New user of cockroach. We’ll find out! If this startup ever makes it to any meaningful user sizd

988747 · on Sept 26, 2022

I've been successfully running Postgres in Kubernetes with the Operator from Crunchy Data. It makes HA setup really easy with a tool called Patroni, which basically takes care of all the hard stuff. Running 1 primary and 2 replicas is really no harder than running single-node Postgres.

qeternity · on Sept 26, 2022

Yes as I mention in an earlier comment we use Patroni and love it.

jmarbach · on Sept 26, 2022

$0.50 per extra GB seems high, especially for a storage-intensive app. Given the cost of cloud Object Storage services it doesn't seem to make much sense.

Examples of alternatives for managed Postgres:

* Supabase is $0.125 per GB

* DigitalOcean managed Postgres is ~$0.35 per GB

claytongulick · on Sept 27, 2022

I really wish I could use DO, but unless something has changed recently, they don't support delta backups, which is a deal killer for me.

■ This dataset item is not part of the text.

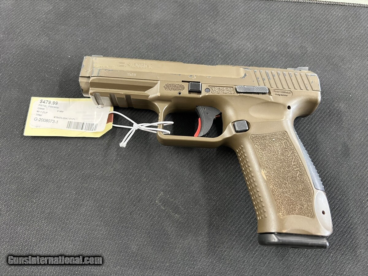 Description: Guns Listing ID: 745791 GREAT GUN HAVE SOME SCRATCHES BUT WORK PERFECTLY FINE PLEASE LOOK AT PICTURES. \" ALL FIREARMS ARE INSPECTED BY A CERTIFIED GUNS-SMITH & NRA INSTRUCTOR \ SOLD Manufacturer: CANIK Model: CANIK TP9SF Caliber Info: 9MM LUGER (9X19 PARA) Condition: Used - Non-Certified Barrels: 7 BARREL Finish: SANDSTORM CAMO |
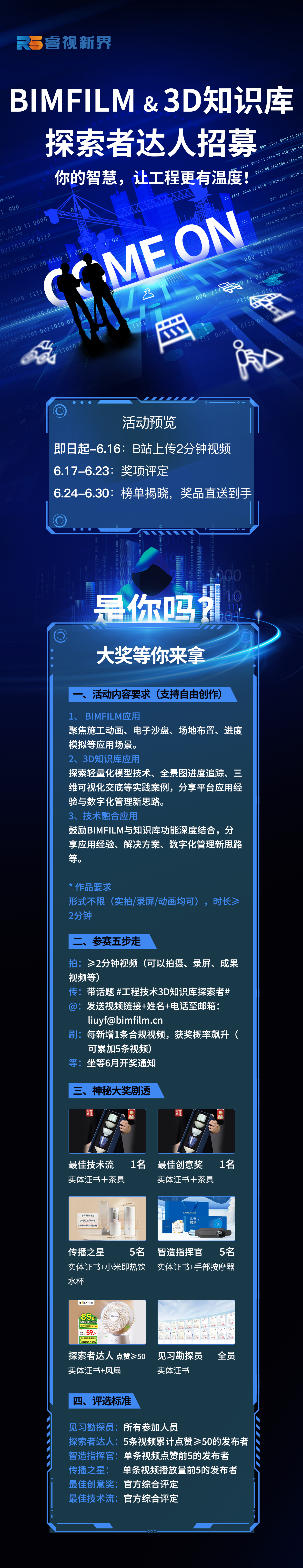 即日起至6.16,用2分鐘視頻秀出你的BIMFILM和3D知識(shí)庫(kù)創(chuàng)意!聚焦施工動(dòng)畫、輕量化模型等技術(shù)應(yīng)用,或分享數(shù)字化管理新思路。帶話題#工程技術(shù)3D知識(shí)庫(kù)探索者# 上傳B站,投稿至郵箱即可參與。??

For small startups, my DR/HA plan is hourly delta snapshots of the whole volume.

GCP, AWS and Azure all make this possible.

makestuff · on Sept 26, 2022

SUpabase runs on AWS so they are either losing a ton of money, have some amazing deal with AWS, or the $0.50 is inaccurate.

kiwicopple · on Sept 26, 2022

(supabase ceo)

EBS pricing is here: https://aws.amazon.com/ebs/pricing/

I'd have to check with the team but I'm 80% sure we're on gp3 ($0.08/GB-month).

That said, we have a very generous free tier. With AWS we have an enterprise plan + savings plan + reserved instances. Not all of these affect EBS pricing, but we end up paying a lot less than the average AWS user due to our high-usage.

neilv · on Sept 26, 2022

I didn't see "backups" mentioned in that, though I'm sure they have them. Depending on your needs, it's a big thing to keep in mind while weighing options.

For a small startup or operation, a managed service having credible snapshots, PITR backups, failover, etc. is going to save a business a lot of ops cost, compared to DIY designing, implementing, testing, and drilling, to the same level of credibility.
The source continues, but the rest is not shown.